Oh so many changes in the past 24 hours - yes we will be in hospital for Christmas.... 50/50 chance as we have to wait and see... No you cant get home.... oh sorry Sam isn't responding to the meds so we have to increase them so you will be staying etc etc...
Then this morning our favourite urologist wandered in and was very decisive that the catheter could come out and we can can pop in tomorrow for his antibiotic 30 minute infusion, but he saw no reason we can't go home! Woo hoo - we are all very delighted after resigning ourselves to another Starship Christmas.
Sam still has debris in his urine so they have increased his dose of IV antibiotic infusion. At 4 this afternoon he will have a 'trough' - they take blood to check how the drug is affecting him, then he will be set up for his 30 minute infusion.
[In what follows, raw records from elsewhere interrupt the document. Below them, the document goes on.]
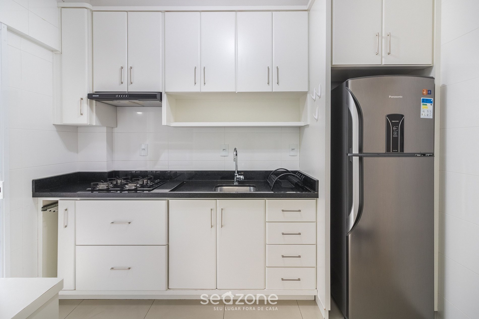- Cozinha completa com geladeira, fogão cooktop (gás), forno elétrico, airfryer, micro-ondas, sanduicheira, cafeteira elétrica, chaleira elétrica, taças de vinho, panelas, louças e utensílios;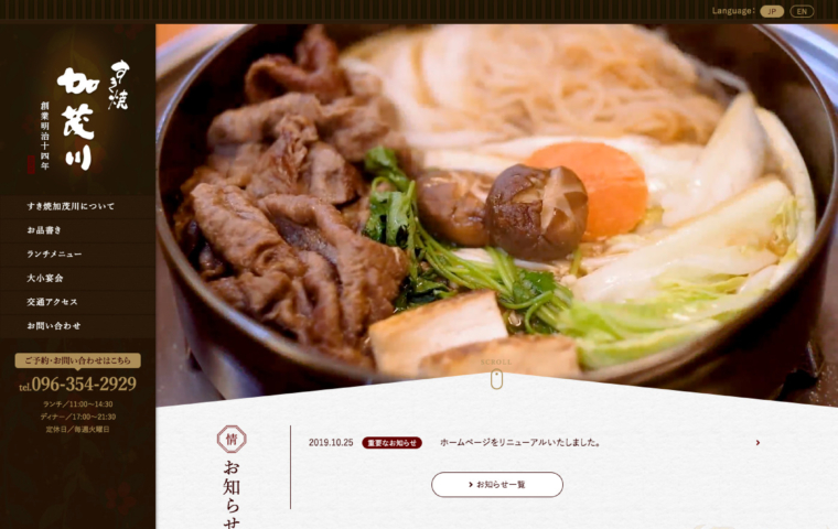 創業明治十四年の歴史を誇る、すき焼・しゃぶしゃぶの老舗、すき焼加茂川様のWebサイト。明治以来の永い歴史に培われた専門店としての経験、厳選された素材。「肉の名門」の名に恥じぬ味と雰囲気は、食通を自認される方々にもきっと心ゆくまで、ご満足いただけることでしょう。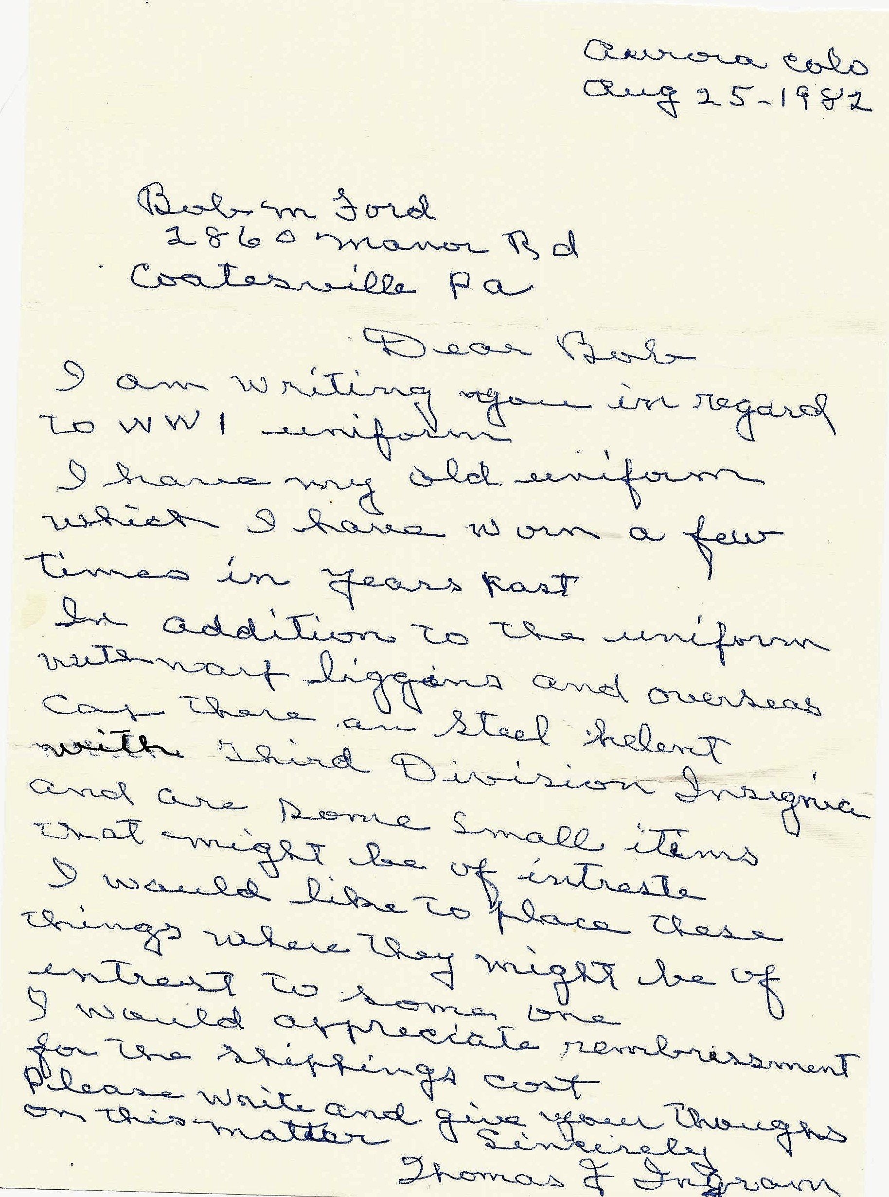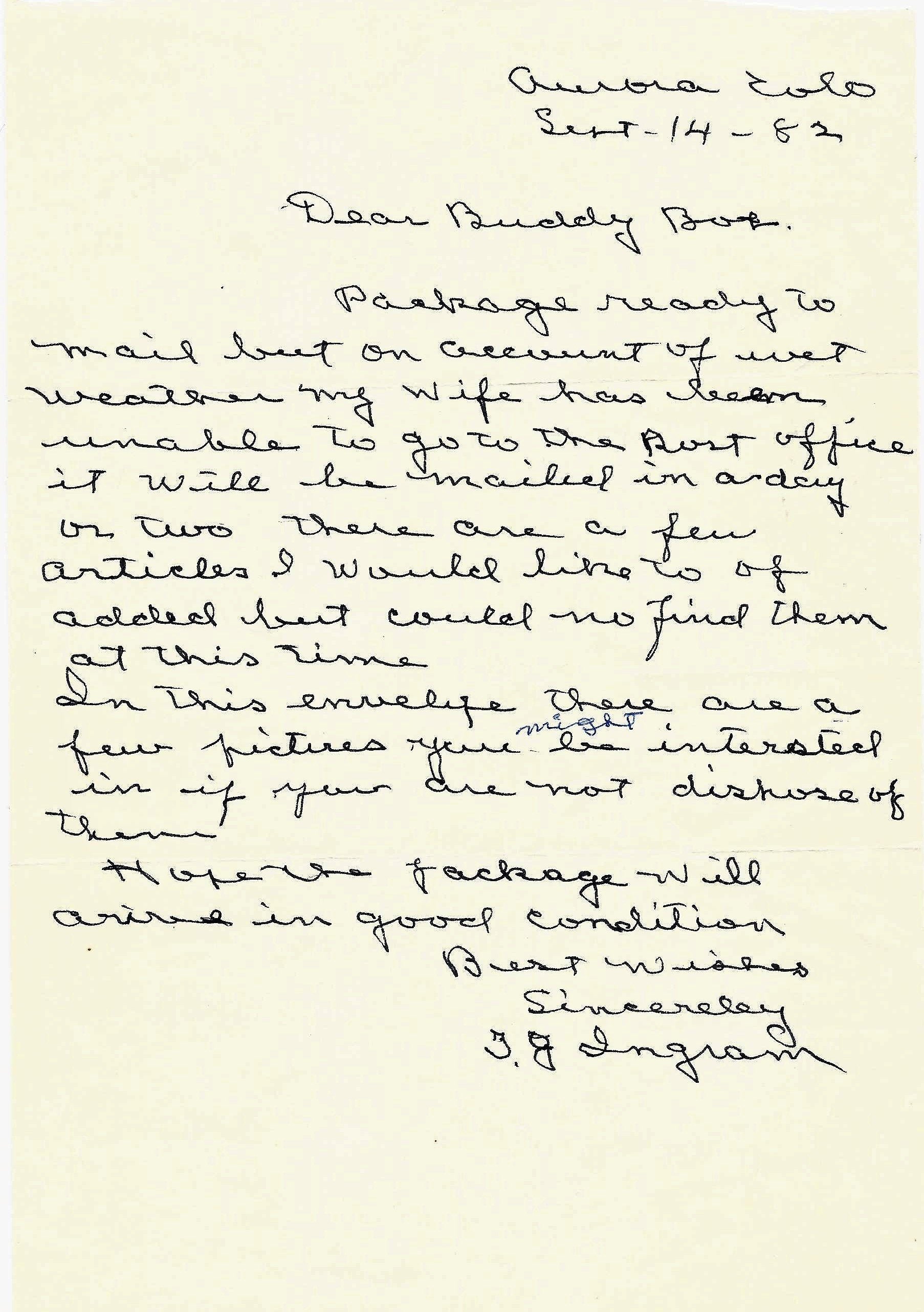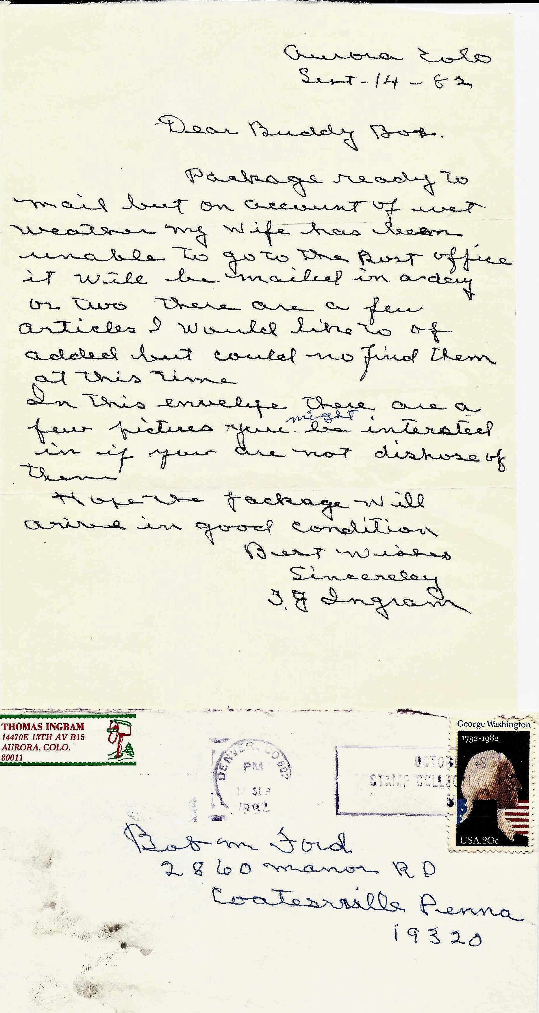 - Multiple letters from Ingram to Bob Ford discussing the collection and his service all dated in 1982.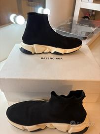 Scarpe Balenciaga calzino pagate 550€. Originali ovviamente subito.it banna articoli illegali. Ci sono 2 difetti sulla suola e sulla scarpa destra, non si notano, ma per questo motivo il prezzo è un affare. Suppongo si possano aggiustare da un calzolaio. Solo spedizione.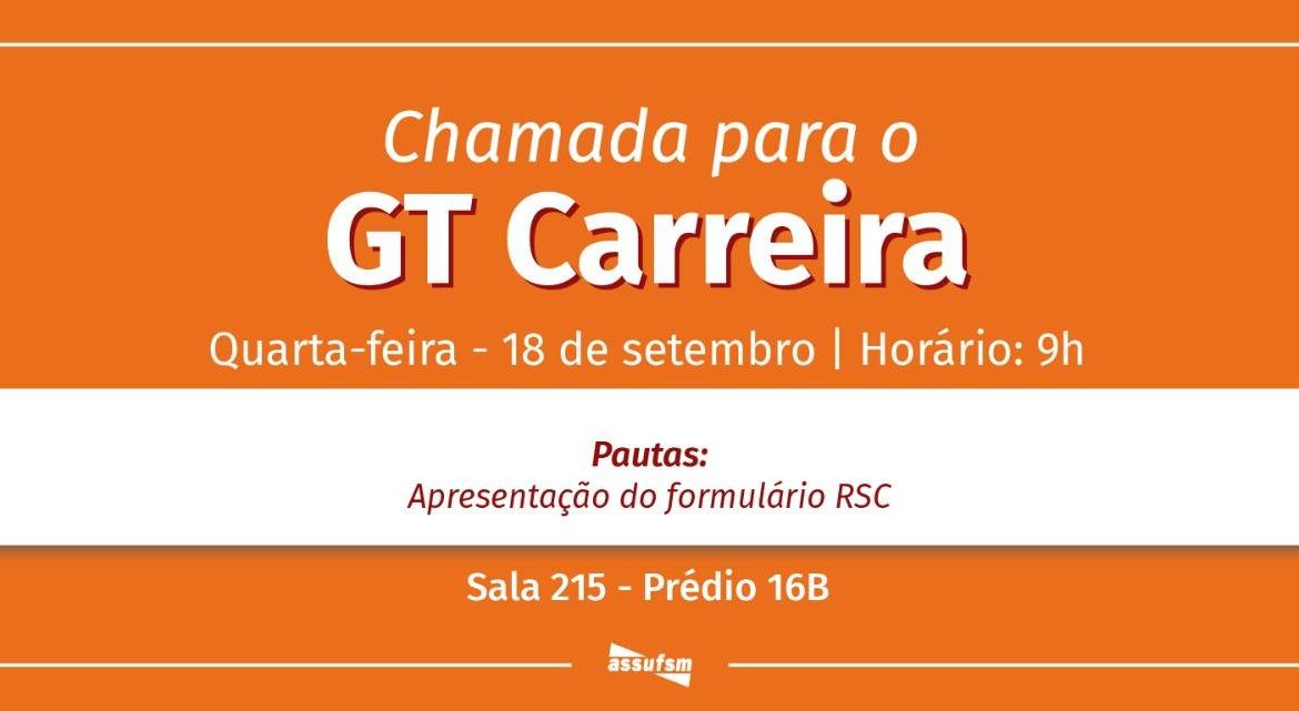 O GT Carreira se reúne na próxima quarta-feira, dia 18 de setembro, na Sala 215, no segundo andar do prédio 16B, no Centro de Educação, às 9h. Na pauta estão informes e a continuidade dos debates sobre o RSC.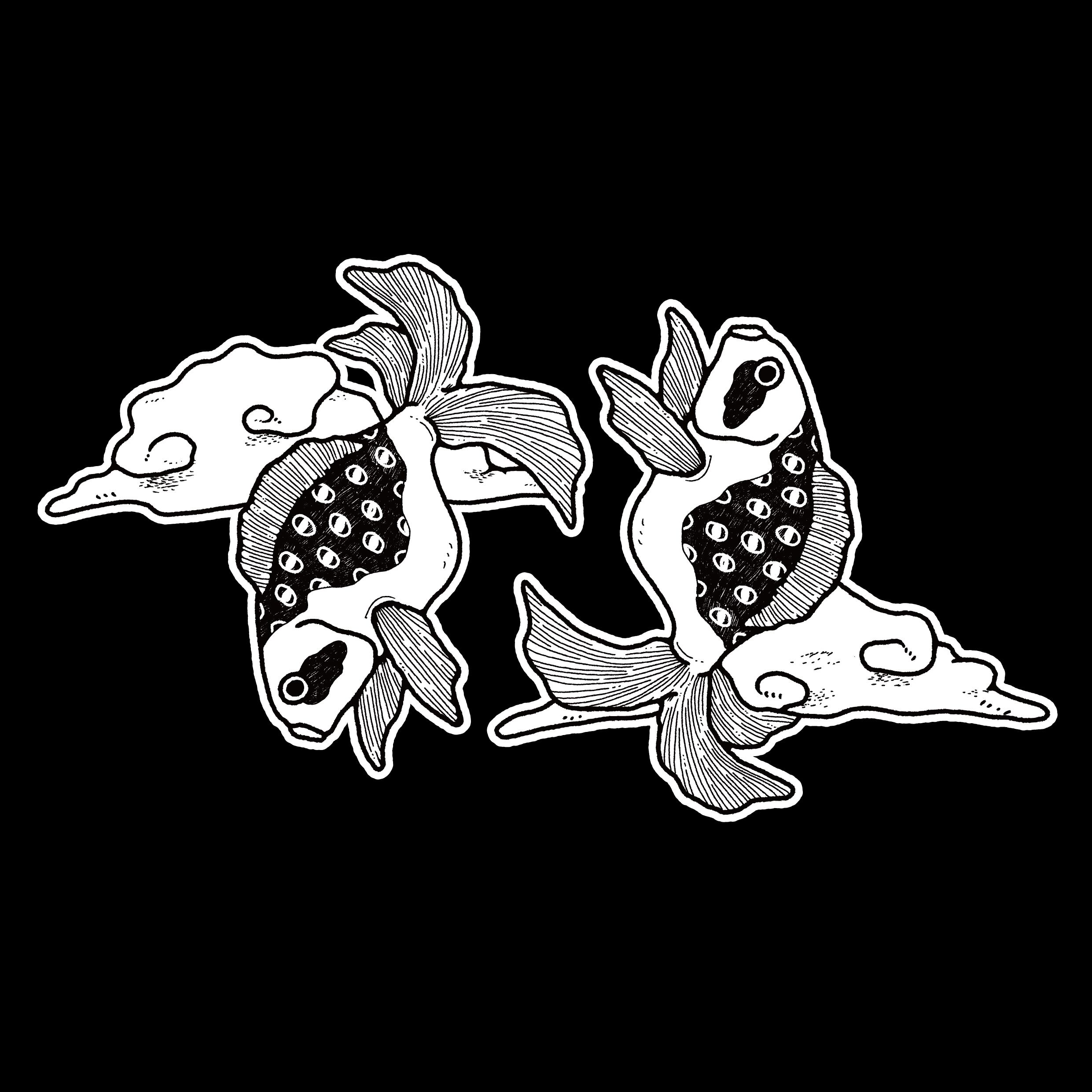 Dancing Nekomata T-Shirt with back printed with dancing goldfish.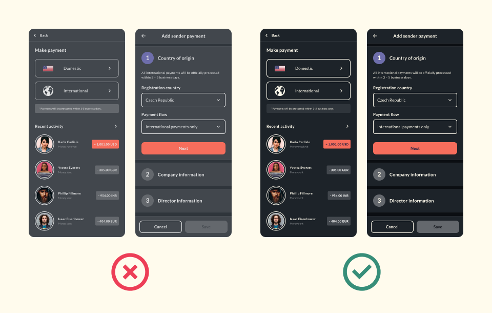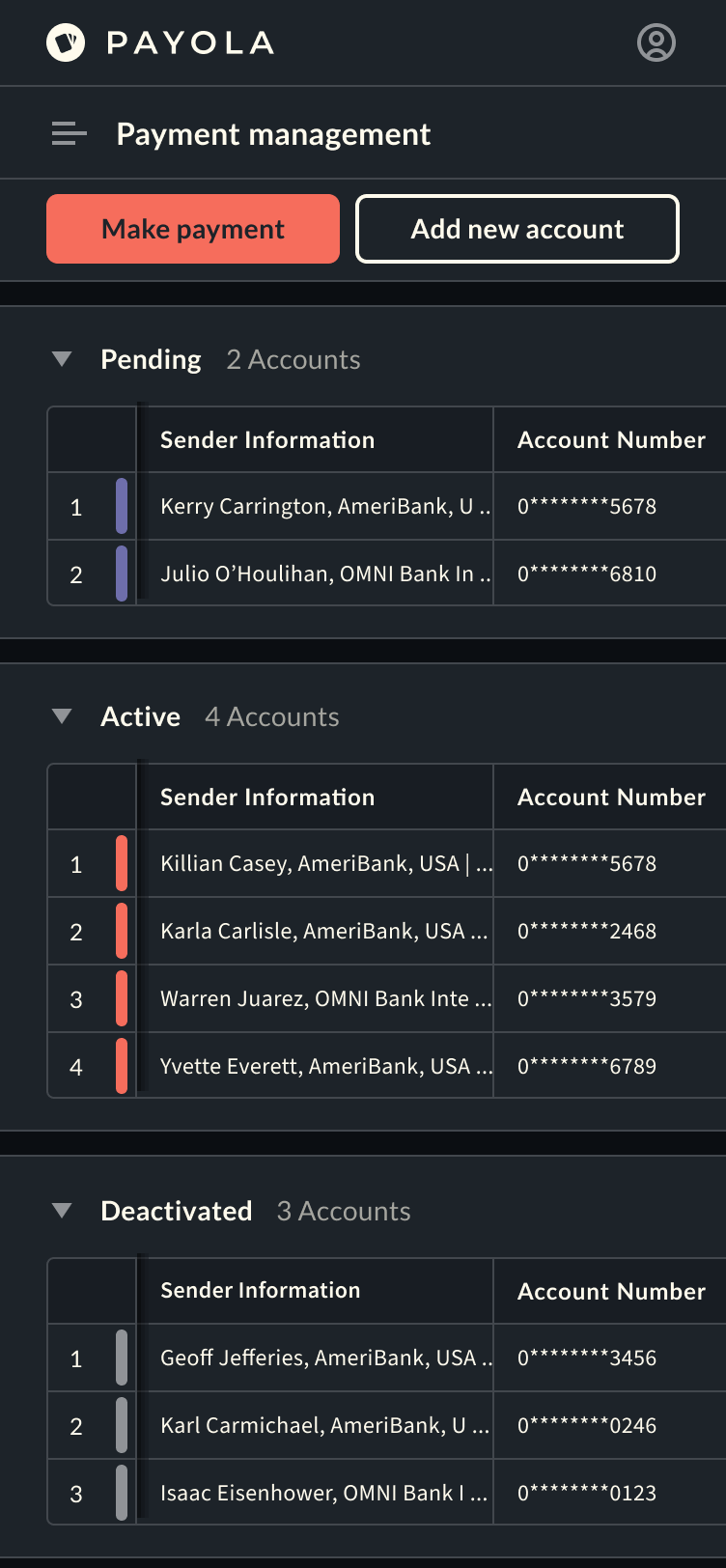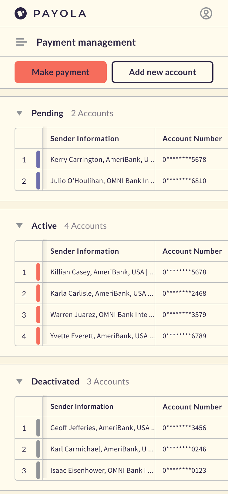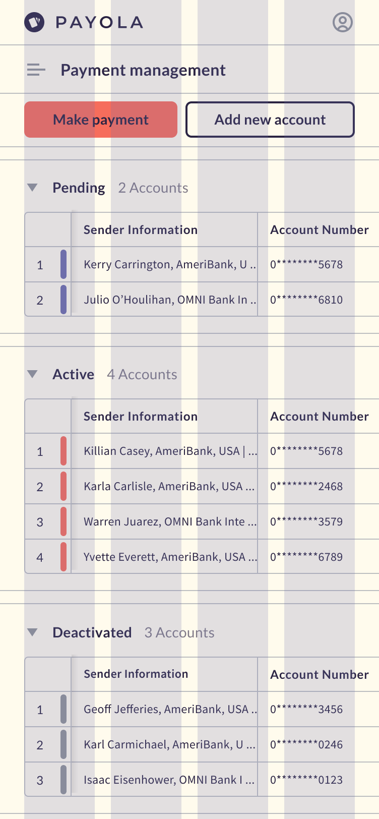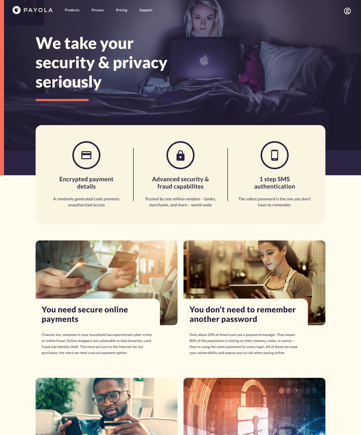 Since B2B payments often involve large payment amounts across different countries, our research indicated that emphasizing security would a priority for Payola to alleviate clients concerns of fraud and theft.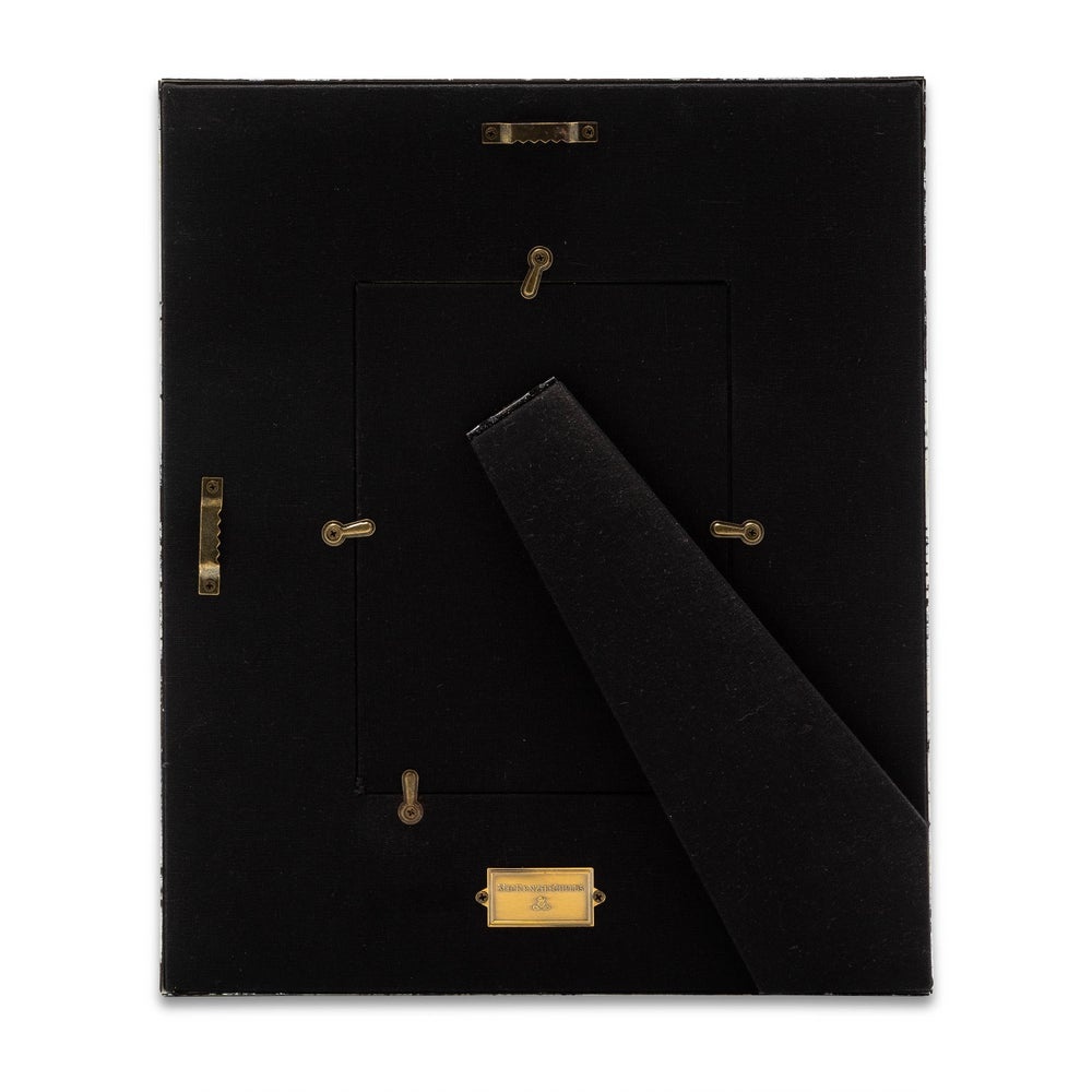 - Heavy-gauge, hand-glazed steel underbody with hand-painted Emerald Checks. Glass pane. Easel back included; backing is covered with linen and a brass logo plate. Pieces may vary due to the handmade nature of each product. Imported.

After that we will head home in time to hook him up for his overnight TPN!
Right now as Sam plays with his cars on his hospital bed, Francis and the girls are at the movies enjoying 'Paddington' - well I'm guessing the girls are enjoying it and Francis is enjoying not being at work. Tonight we will head to a 7pm Christmas Church service and tomorrow morning we aim to have a lie in (um... well anything is longer than the 4.30 am wakes up in this place due to pumps alarming etc), a lazy family brunch and gifts and then on to more food for a Davy Christmas lunch, with a pop in to Starship for Sams infusion at 3pm. We have to have a nurse visit from Boxing Day until Dec 30 for an infusion, but this is the pay off to keep us out of hospital.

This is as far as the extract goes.